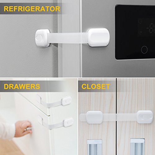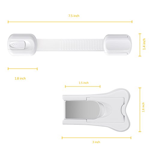 Durable Material: ABS locks with strong 3M adhesive tape and latch system, safe and nontoxic for humans and animals, easy to unlock for adults and hard to crack by babies. Adjustable TPE Strap: The strap can be adjusted into a perfect length (from 3 to 7 inches) to fit different size of furniture. (Note: Once the strap gets locked in place, it can¡?t be removed again. So please make sure the strap length before locking. )
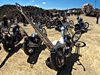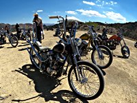 Nuestra ciudad fantasma favorita, Virginia City, Nevada, con su aroma de la fiebre del oro, Mark Twain, el humo de las pistolas del rancho La Ponderosa (¿Te acuerdas de Bonanza?) y célebre gracias a los comics de Lucky Luke, abre un nuevo capítulo en su historia: Choppers Magazine nos ha enviado invitaciones para su “Virginia City Pound Up Rodeo”, justo al pie del monte Davidson. El borboteo de innumerables Harleys se mezclaba con los crujidos de las aceras de madera frente a los salones, los resoplidos de toros salvajes y mustangs, el hipnótico canto de las steel guitars de la banda “The Ryolite Sound”y el dulce sonido de la cerveza pasando por cientos de gargantas. Todo esto se juntó en una tormenta cerebral en nuestras cabezas, o sea, tenemos retazos sueltos de recuerdos del evento.
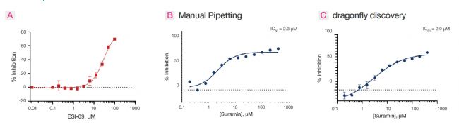 A. 從初篩中獲得的陽性化合物ESI-09及對照化合物Suramin的劑量反應(yīng)曲線,實驗在384孔板中進行。其中,對照化合物Suramin的IC50值在手動移液和 dragonfly® discovery 平臺上分別是B. 2.3 μM和C. 2.9 μM。
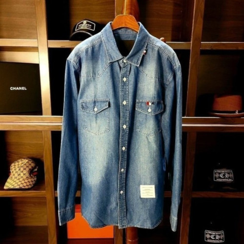 THOM BROWNE 톰브라운 시그니쳐 투포켓 워싱 연청 데님셔츠
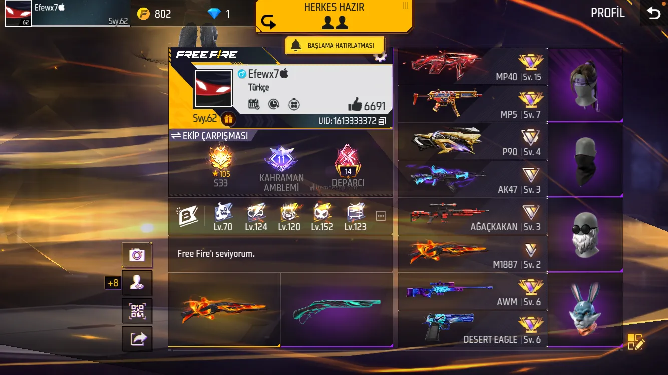 Efsane Free Fire Hesabi Tavuk Ifadeli Mp40 kobralı hesap
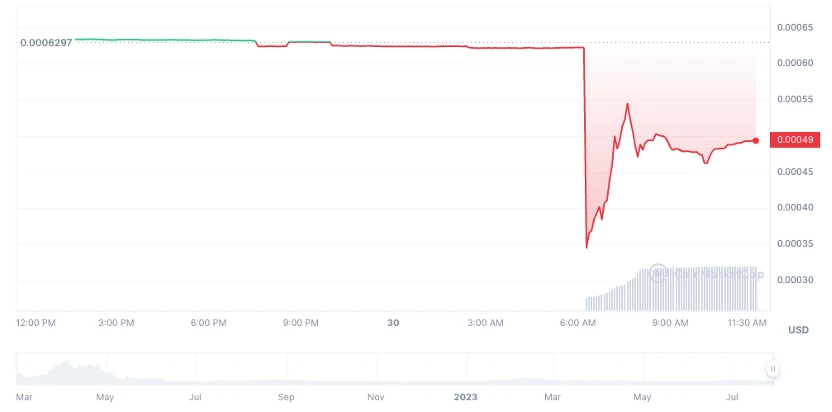数个项目受到了影响。根据链上数据监测方 Supremacy Alert 显示,NFT 质押协议 JPEG ’d 受到了该重入漏洞的影响,目前被盗的资产达到了 1000 万美元左右。紧接着,另两个链上安全账号派盾和 Hexagate 也发推@了 JPEG‘d 项目方,声称该交易为黑客交易。这一事件导致 JPEG‘d 的代币价值跳水,从稳定在 0.00062 左右跌至 0.0003 ,现回升至 0.00049 ,单日跌幅达到 21.63% 。

Action item: Retype the lines exactly as they appear, beginning with the line that contains "THOM BROWNE 톰브라운 시그니쳐 투포켓 워싱 연청 데님셔츠" and ending with the final line of the entries, and omit the pictures.

Task output:
 THOM BROWNE 톰브라운 시그니쳐 투포켓 워싱 연청 데님셔츠
 Efsane Free Fire Hesabi Tavuk Ifadeli Mp40 kobralı hesap
数个项目受到了影响。根据链上数据监测方 Supremacy Alert 显示,NFT 质押协议 JPEG ’d 受到了该重入漏洞的影响,目前被盗的资产达到了 1000 万美元左右。紧接着,另两个链上安全账号派盾和 Hexagate 也发推@了 JPEG‘d 项目方,声称该交易为黑客交易。这一事件导致 JPEG‘d 的代币价值跳水,从稳定在 0.00062 左右跌至 0.0003 ,现回升至 0.00049 ,单日跌幅达到 21.63% 。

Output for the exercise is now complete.